EXERCISE DESCRIPTION:
The lines below, from the one containing "(a) Raman spectra" through the one containing "Al-Jolani Appoints Former", should be set down exactly, with no pictures and nothing else.

Data extracted from a collection:

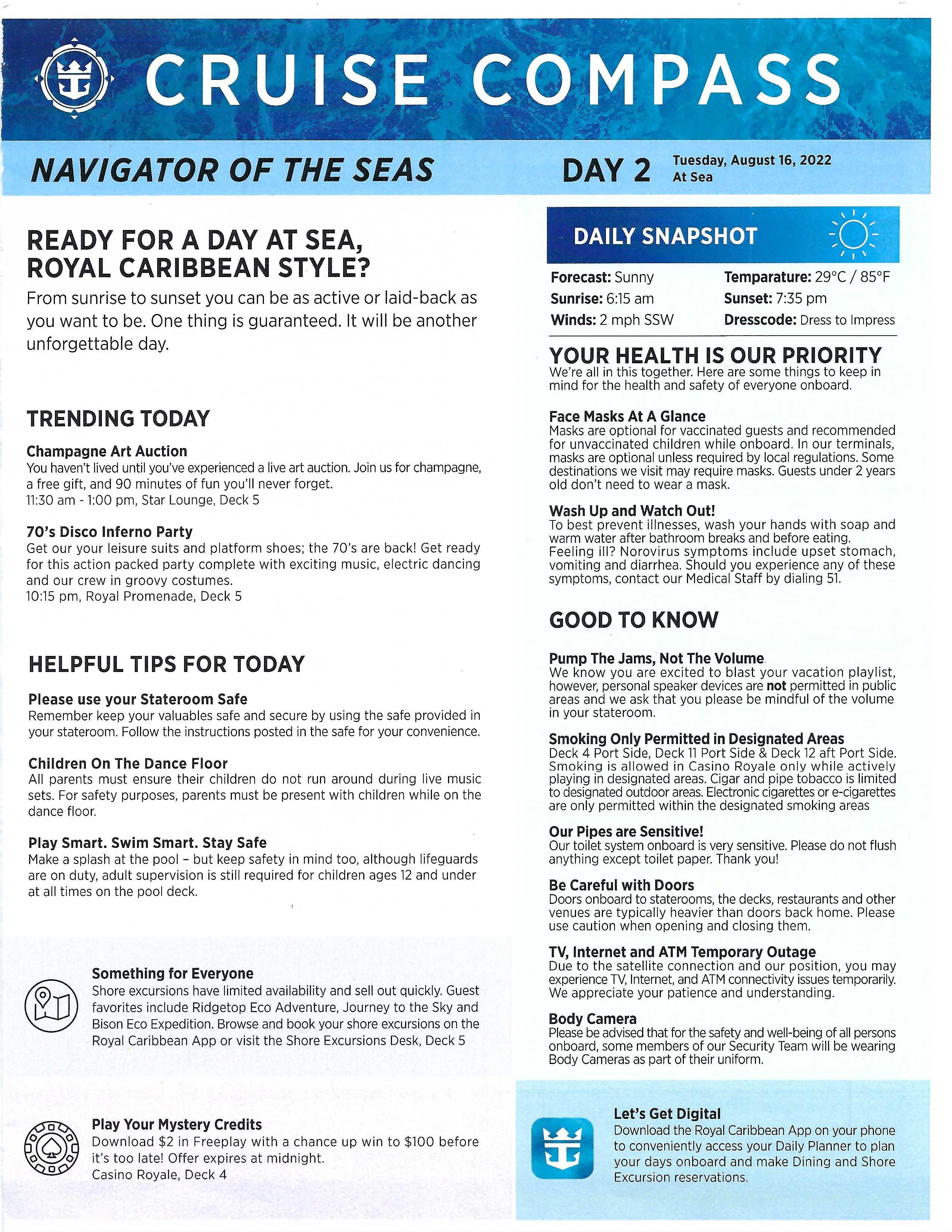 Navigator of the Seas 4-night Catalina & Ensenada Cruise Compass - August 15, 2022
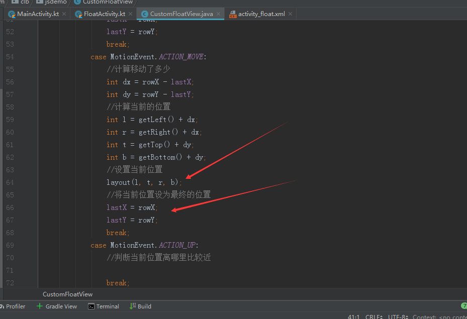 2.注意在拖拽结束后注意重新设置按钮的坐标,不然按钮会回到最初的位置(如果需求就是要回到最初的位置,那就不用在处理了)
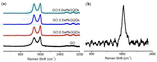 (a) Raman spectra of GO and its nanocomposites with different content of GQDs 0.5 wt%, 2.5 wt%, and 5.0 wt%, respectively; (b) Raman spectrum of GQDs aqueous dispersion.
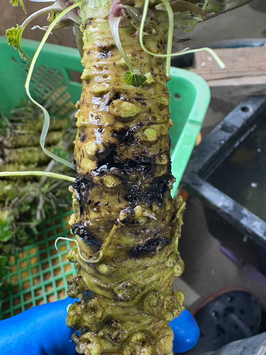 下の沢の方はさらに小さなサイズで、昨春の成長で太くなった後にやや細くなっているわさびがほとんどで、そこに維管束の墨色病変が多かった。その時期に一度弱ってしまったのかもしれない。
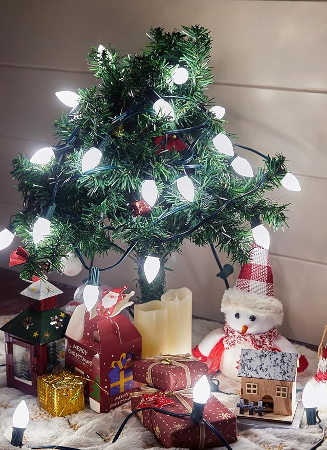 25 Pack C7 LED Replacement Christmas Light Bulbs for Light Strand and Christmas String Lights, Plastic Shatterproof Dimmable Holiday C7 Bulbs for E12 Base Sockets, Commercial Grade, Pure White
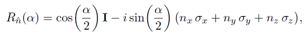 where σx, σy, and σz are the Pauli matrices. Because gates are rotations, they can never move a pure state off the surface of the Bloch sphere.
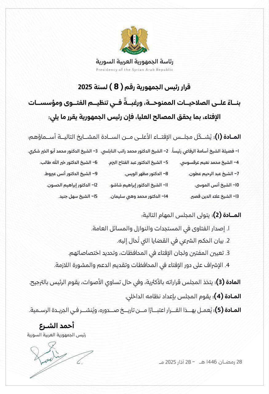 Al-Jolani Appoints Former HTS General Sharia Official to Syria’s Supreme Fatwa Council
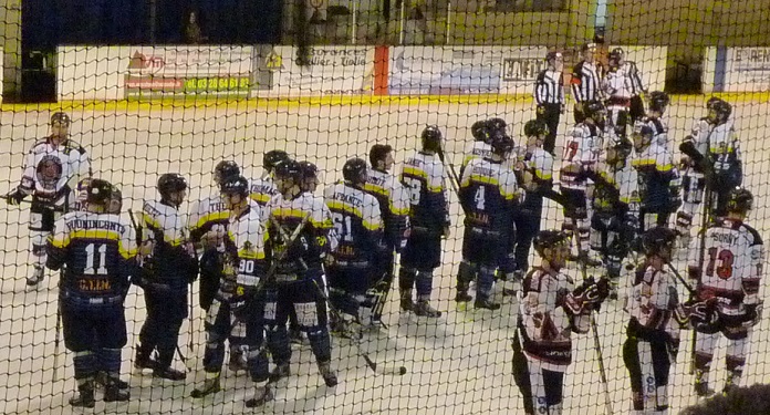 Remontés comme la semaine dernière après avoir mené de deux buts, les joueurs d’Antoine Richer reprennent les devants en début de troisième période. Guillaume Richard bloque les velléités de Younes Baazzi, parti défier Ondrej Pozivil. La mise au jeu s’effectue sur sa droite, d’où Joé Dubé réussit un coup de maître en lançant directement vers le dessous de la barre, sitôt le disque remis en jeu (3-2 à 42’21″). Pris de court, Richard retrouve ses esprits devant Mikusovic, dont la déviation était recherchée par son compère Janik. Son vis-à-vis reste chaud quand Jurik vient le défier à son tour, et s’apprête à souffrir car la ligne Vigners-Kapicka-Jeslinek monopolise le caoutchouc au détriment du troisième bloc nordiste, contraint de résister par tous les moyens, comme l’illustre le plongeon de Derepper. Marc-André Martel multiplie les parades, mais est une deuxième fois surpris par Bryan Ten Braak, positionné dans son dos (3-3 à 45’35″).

TASK OUTPUT:
 (a) Raman spectra of GO and its nanocomposites with different content of GQDs 0.5 wt%, 2.5 wt%, and 5.0 wt%, respectively; (b) Raman spectrum of GQDs aqueous dispersion.
 下の沢の方はさらに小さなサイズで、昨春の成長で太くなった後にやや細くなっているわさびがほとんどで、そこに維管束の墨色病変が多かった。その時期に一度弱ってしまったのかもしれない。
 25 Pack C7 LED Replacement Christmas Light Bulbs for Light Strand and Christmas String Lights, Plastic Shatterproof Dimmable Holiday C7 Bulbs for E12 Base Sockets, Commercial Grade, Pure White
 where σx, σy, and σz are the Pauli matrices. Because gates are rotations, they can never move a pure state off the surface of the Bloch sphere.
 Al-Jolani Appoints Former HTS General Sharia Official to Syria’s Supreme Fatwa Council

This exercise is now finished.